- Opening Delimiter -

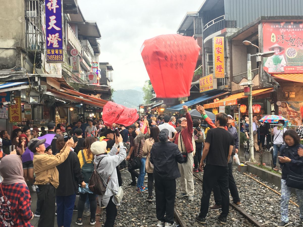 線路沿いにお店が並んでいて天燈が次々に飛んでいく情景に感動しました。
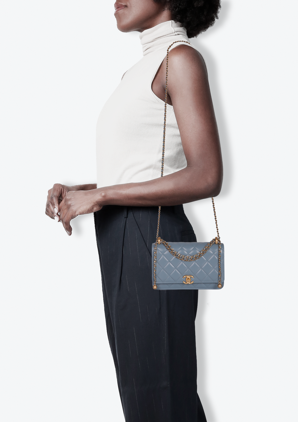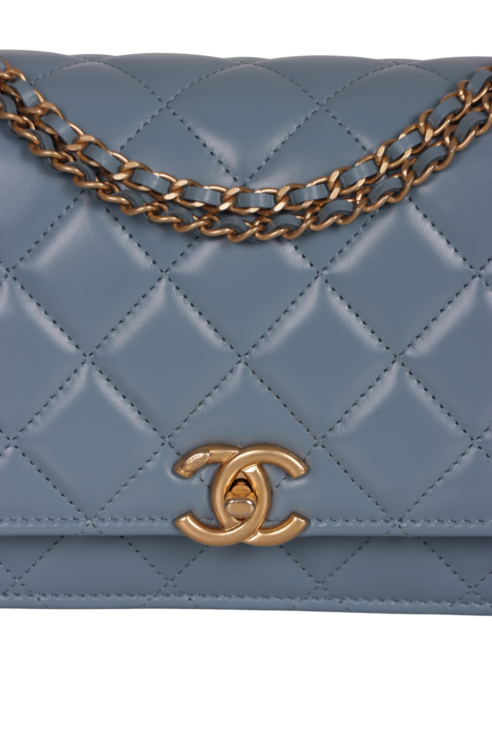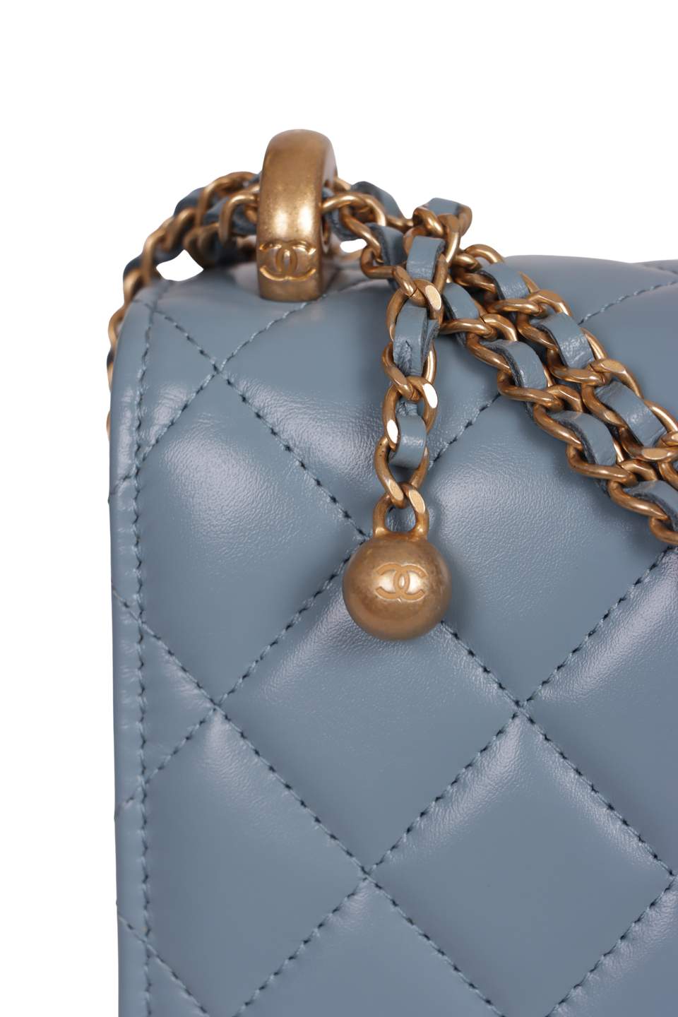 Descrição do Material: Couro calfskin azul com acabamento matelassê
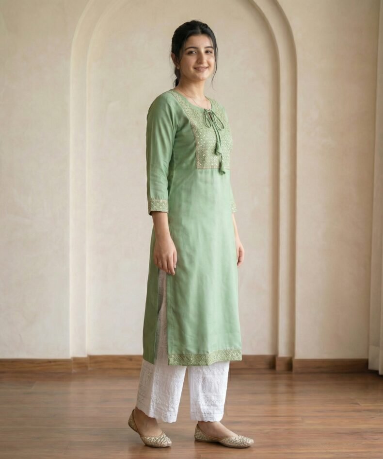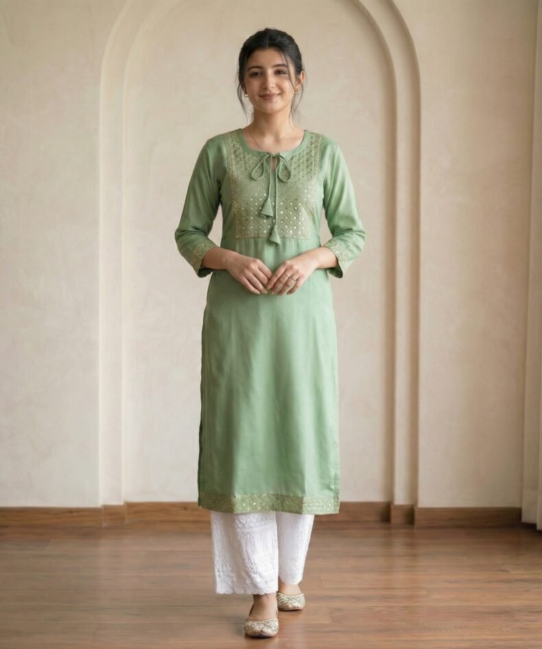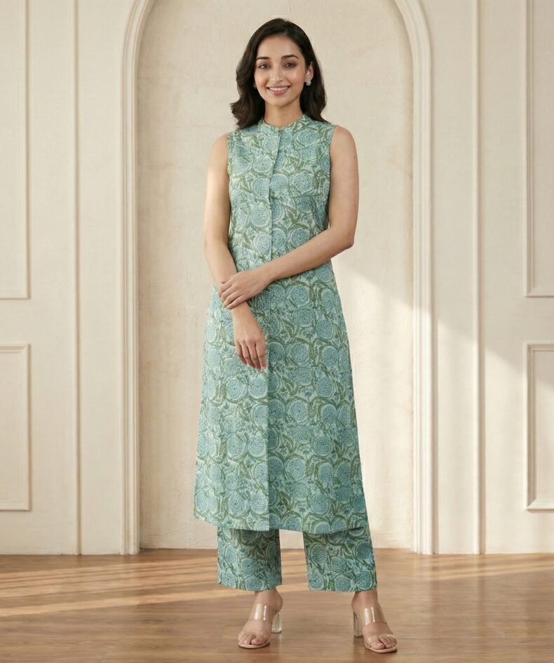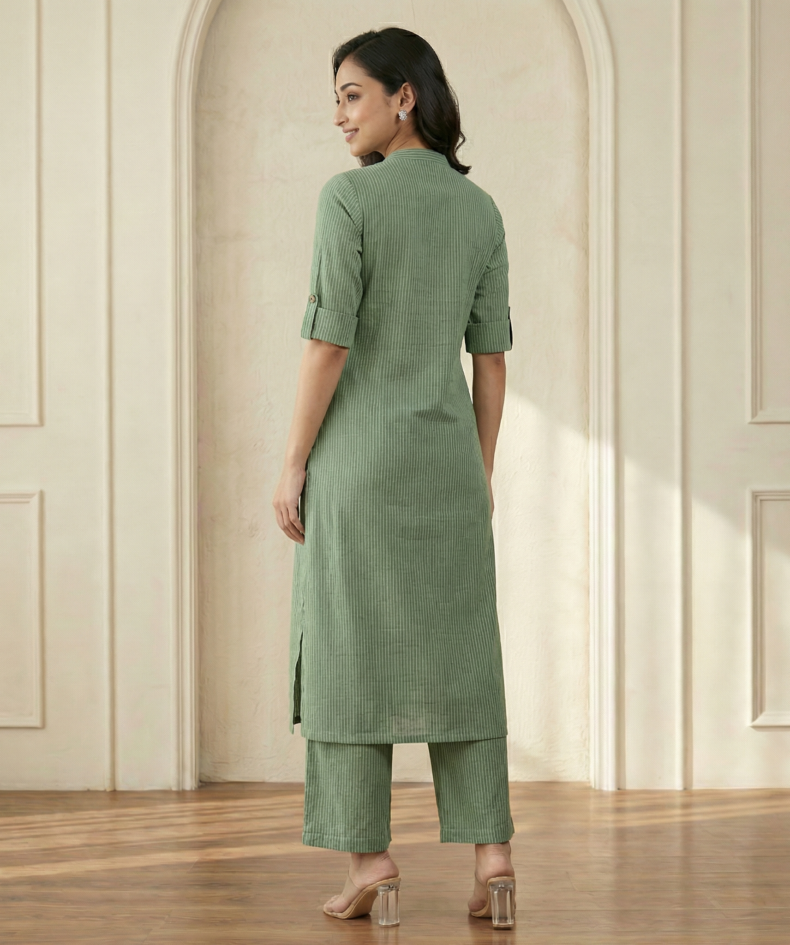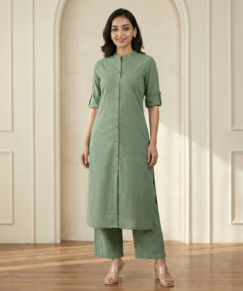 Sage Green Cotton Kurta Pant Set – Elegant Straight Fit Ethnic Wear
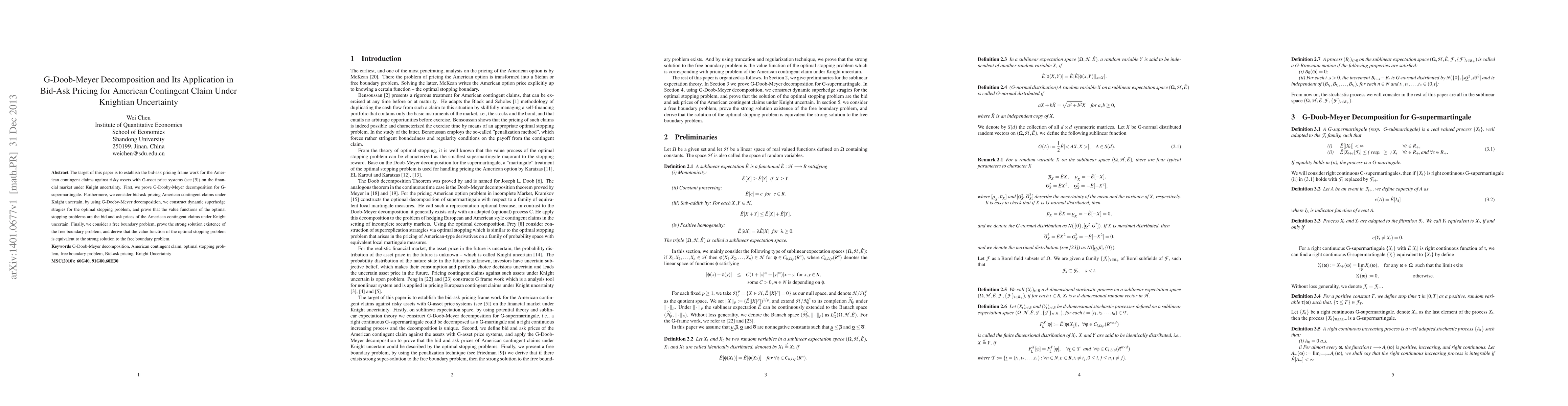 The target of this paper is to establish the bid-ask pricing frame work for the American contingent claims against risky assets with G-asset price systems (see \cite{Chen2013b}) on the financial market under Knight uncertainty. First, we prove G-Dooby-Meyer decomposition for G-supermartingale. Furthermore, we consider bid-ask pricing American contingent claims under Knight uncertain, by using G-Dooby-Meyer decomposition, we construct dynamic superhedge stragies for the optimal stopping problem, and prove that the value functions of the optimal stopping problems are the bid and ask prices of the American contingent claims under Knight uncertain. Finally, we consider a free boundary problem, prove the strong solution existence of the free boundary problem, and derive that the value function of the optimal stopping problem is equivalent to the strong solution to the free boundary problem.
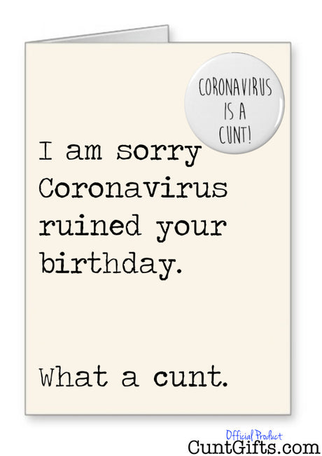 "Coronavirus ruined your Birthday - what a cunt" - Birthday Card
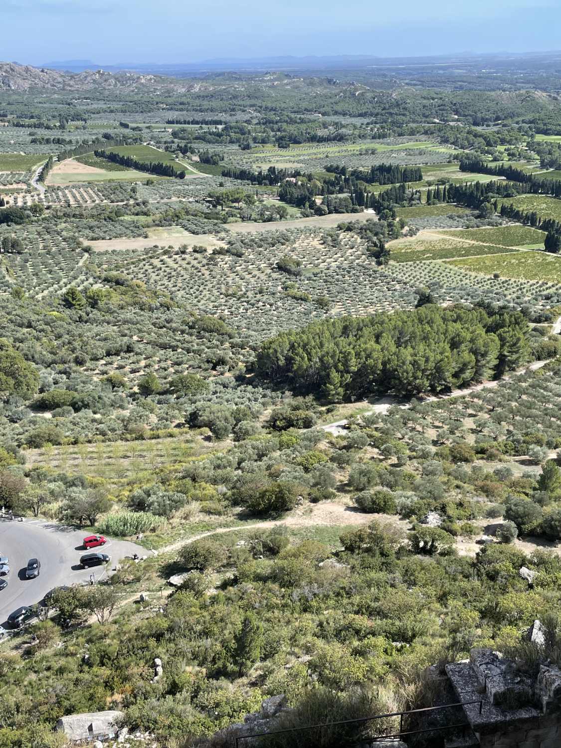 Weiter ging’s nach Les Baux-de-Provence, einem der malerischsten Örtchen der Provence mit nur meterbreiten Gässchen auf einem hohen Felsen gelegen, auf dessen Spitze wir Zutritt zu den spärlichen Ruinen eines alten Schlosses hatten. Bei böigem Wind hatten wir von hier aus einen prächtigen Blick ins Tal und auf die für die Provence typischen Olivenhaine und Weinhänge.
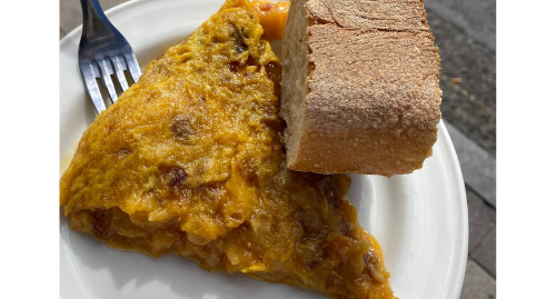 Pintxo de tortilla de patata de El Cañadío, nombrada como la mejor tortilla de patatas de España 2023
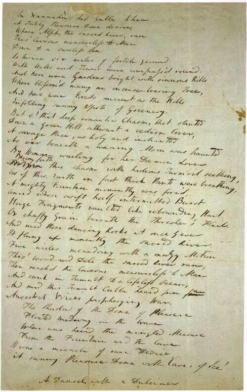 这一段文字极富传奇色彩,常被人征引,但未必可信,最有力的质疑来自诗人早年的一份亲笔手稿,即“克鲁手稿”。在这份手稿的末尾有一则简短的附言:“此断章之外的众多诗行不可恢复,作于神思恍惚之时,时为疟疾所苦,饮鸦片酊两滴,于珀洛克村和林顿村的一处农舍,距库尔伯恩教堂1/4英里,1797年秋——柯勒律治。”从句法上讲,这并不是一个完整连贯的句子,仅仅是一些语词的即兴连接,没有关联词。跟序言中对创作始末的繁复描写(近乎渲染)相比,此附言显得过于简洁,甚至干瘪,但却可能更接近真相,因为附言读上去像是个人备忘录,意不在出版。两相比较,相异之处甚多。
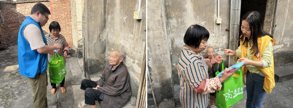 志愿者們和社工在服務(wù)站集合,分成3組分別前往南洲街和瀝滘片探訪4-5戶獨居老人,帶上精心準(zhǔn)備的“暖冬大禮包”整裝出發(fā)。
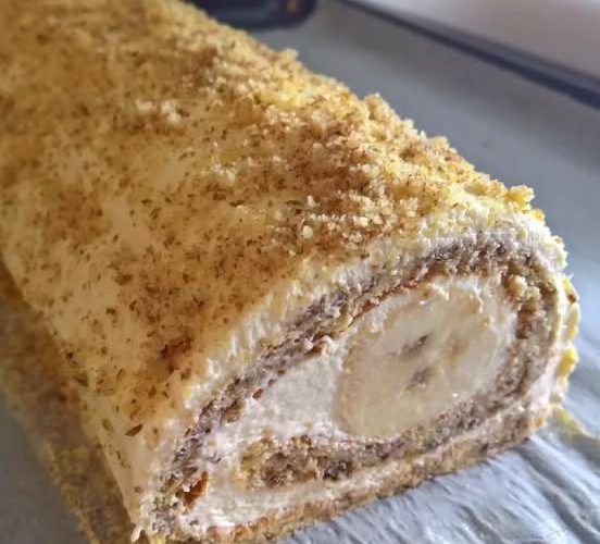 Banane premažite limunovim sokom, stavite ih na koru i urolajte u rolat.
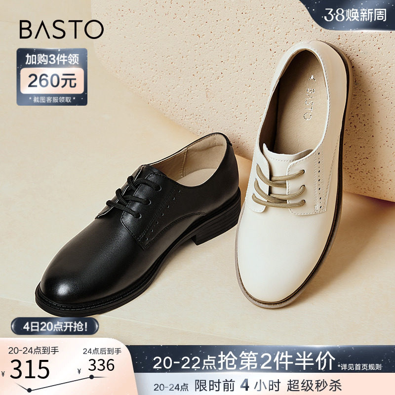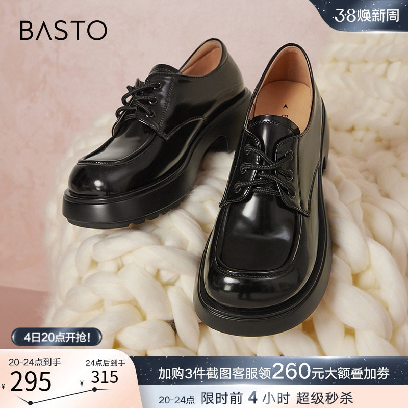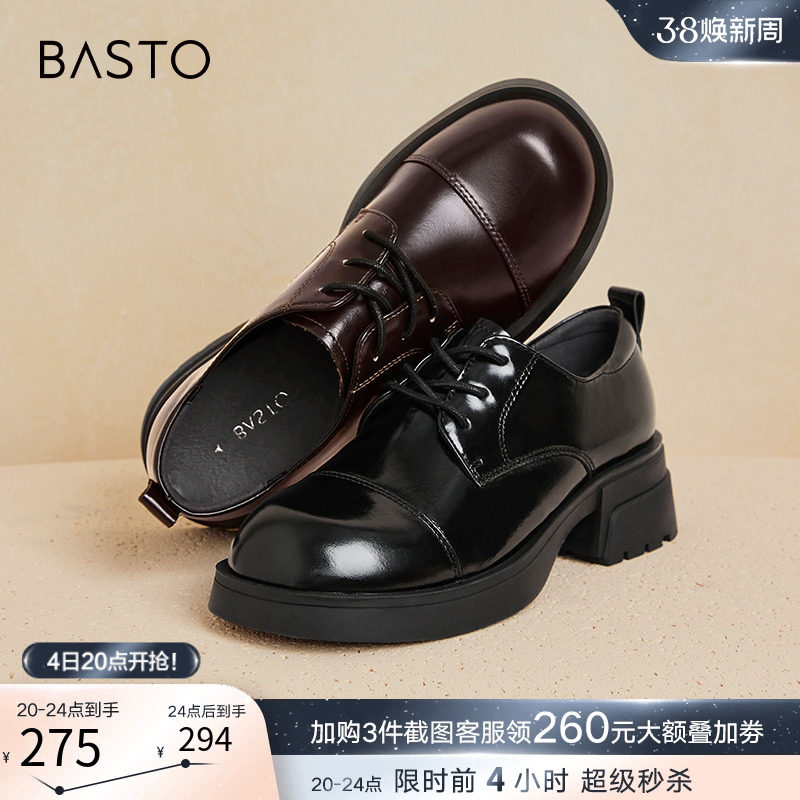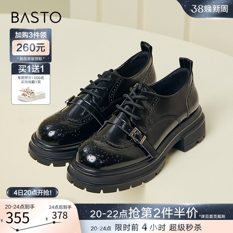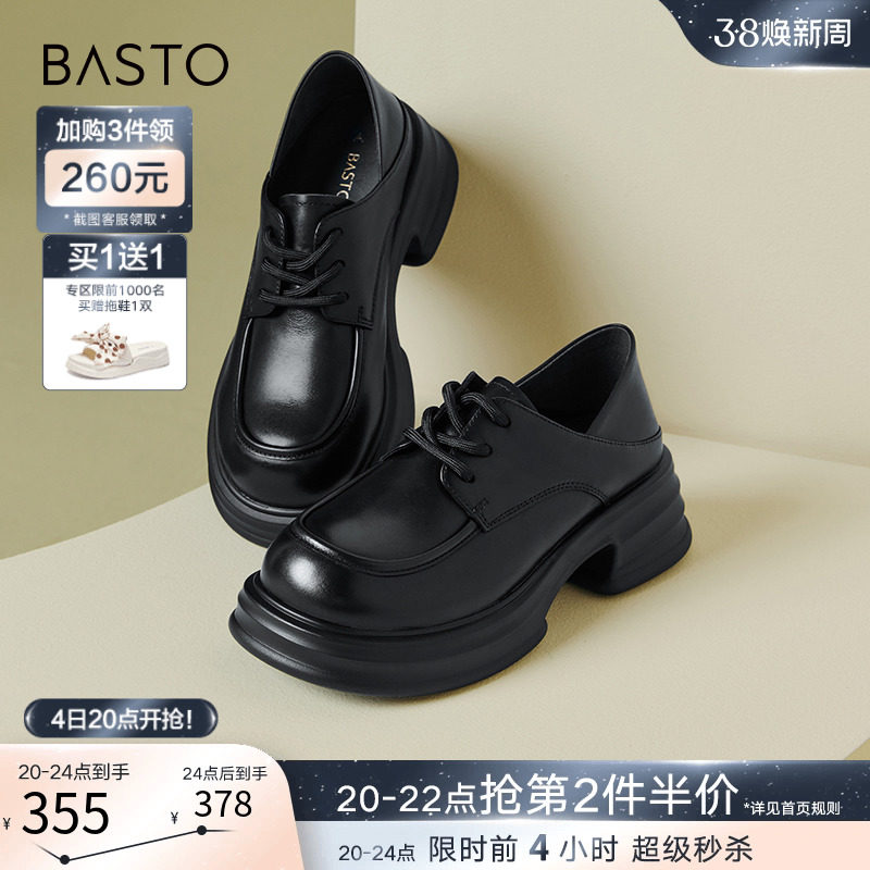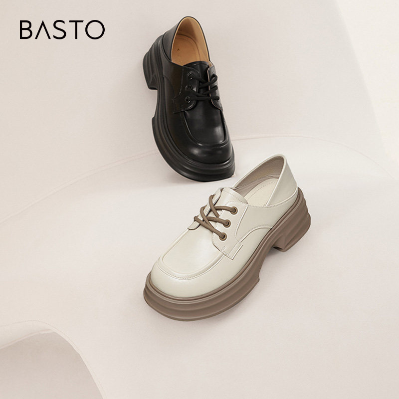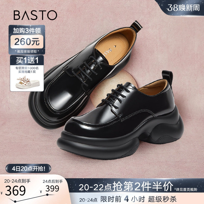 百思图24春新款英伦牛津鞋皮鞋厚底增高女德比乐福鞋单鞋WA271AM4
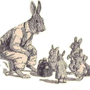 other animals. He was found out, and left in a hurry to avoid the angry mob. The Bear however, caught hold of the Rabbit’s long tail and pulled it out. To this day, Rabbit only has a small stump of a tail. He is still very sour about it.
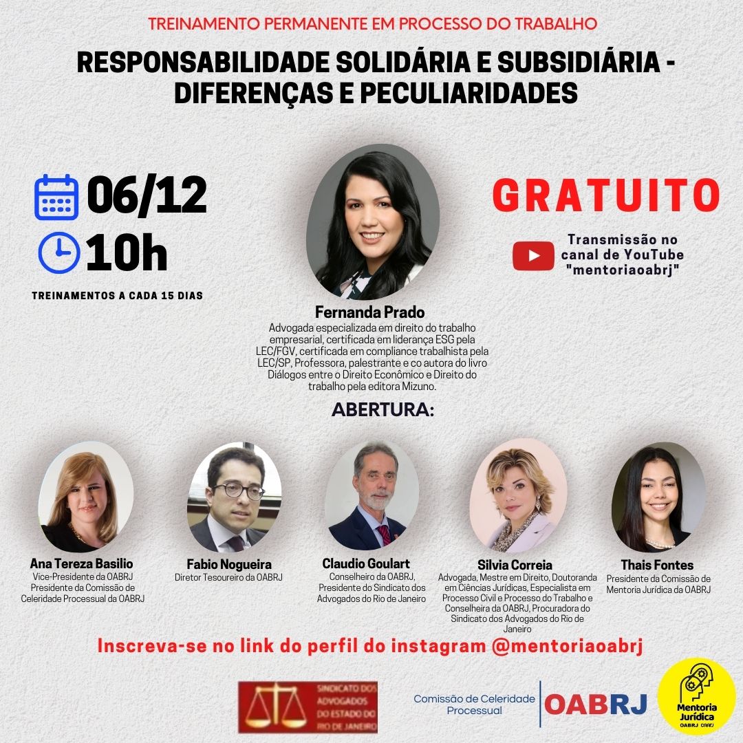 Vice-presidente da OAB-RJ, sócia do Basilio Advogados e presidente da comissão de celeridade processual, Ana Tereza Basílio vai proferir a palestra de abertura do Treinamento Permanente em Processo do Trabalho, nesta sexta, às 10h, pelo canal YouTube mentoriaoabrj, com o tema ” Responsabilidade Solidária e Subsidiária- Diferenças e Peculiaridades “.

- Closing Delimiter -

= TASK INSTRUCTIONS =
Repeat every line above exactly, minus the pictures.

= RESPONSE =
 線路沿いにお店が並んでいて天燈が次々に飛んでいく情景に感動しました。
 Descrição do Material: Couro calfskin azul com acabamento matelassê
 Sage Green Cotton Kurta Pant Set – Elegant Straight Fit Ethnic Wear
 The target of this paper is to establish the bid-ask pricing frame work for the American contingent claims against risky assets with G-asset price systems (see \cite{Chen2013b}) on the financial market under Knight uncertainty. First, we prove G-Dooby-Meyer decomposition for G-supermartingale. Furthermore, we consider bid-ask pricing American contingent claims under Knight uncertain, by using G-Dooby-Meyer decomposition, we construct dynamic superhedge stragies for the optimal stopping problem, and prove that the value functions of the optimal stopping problems are the bid and ask prices of the American contingent claims under Knight uncertain. Finally, we consider a free boundary problem, prove the strong solution existence of the free boundary problem, and derive that the value function of the optimal stopping problem is equivalent to the strong solution to the free boundary problem.
 "Coronavirus ruined your Birthday - what a cunt" - Birthday Card
 Weiter ging’s nach Les Baux-de-Provence, einem der malerischsten Örtchen der Provence mit nur meterbreiten Gässchen auf einem hohen Felsen gelegen, auf dessen Spitze wir Zutritt zu den spärlichen Ruinen eines alten Schlosses hatten. Bei böigem Wind hatten wir von hier aus einen prächtigen Blick ins Tal und auf die für die Provence typischen Olivenhaine und Weinhänge.
 Pintxo de tortilla de patata de El Cañadío, nombrada como la mejor tortilla de patatas de España 2023
 这一段文字极富传奇色彩,常被人征引,但未必可信,最有力的质疑来自诗人早年的一份亲笔手稿,即“克鲁手稿”。在这份手稿的末尾有一则简短的附言:“此断章之外的众多诗行不可恢复,作于神思恍惚之时,时为疟疾所苦,饮鸦片酊两滴,于珀洛克村和林顿村的一处农舍,距库尔伯恩教堂1/4英里,1797年秋——柯勒律治。”从句法上讲,这并不是一个完整连贯的句子,仅仅是一些语词的即兴连接,没有关联词。跟序言中对创作始末的繁复描写(近乎渲染)相比,此附言显得过于简洁,甚至干瘪,但却可能更接近真相,因为附言读上去像是个人备忘录,意不在出版。两相比较,相异之处甚多。
 志愿者們和社工在服務(wù)站集合,分成3組分別前往南洲街和瀝滘片探訪4-5戶獨居老人,帶上精心準(zhǔn)備的“暖冬大禮包”整裝出發(fā)。
 Banane premažite limunovim sokom, stavite ih na koru i urolajte u rolat.
 百思图24春新款英伦牛津鞋皮鞋厚底增高女德比乐福鞋单鞋WA271AM4
 other animals. He was found out, and left in a hurry to avoid the angry mob. The Bear however, caught hold of the Rabbit’s long tail and pulled it out. To this day, Rabbit only has a small stump of a tail. He is still very sour about it.
 Vice-presidente da OAB-RJ, sócia do Basilio Advogados e presidente da comissão de celeridade processual, Ana Tereza Basílio vai proferir a palestra de abertura do Treinamento Permanente em Processo do Trabalho, nesta sexta, às 10h, pelo canal YouTube mentoriaoabrj, com o tema ” Responsabilidade Solidária e Subsidiária- Diferenças e Peculiaridades “.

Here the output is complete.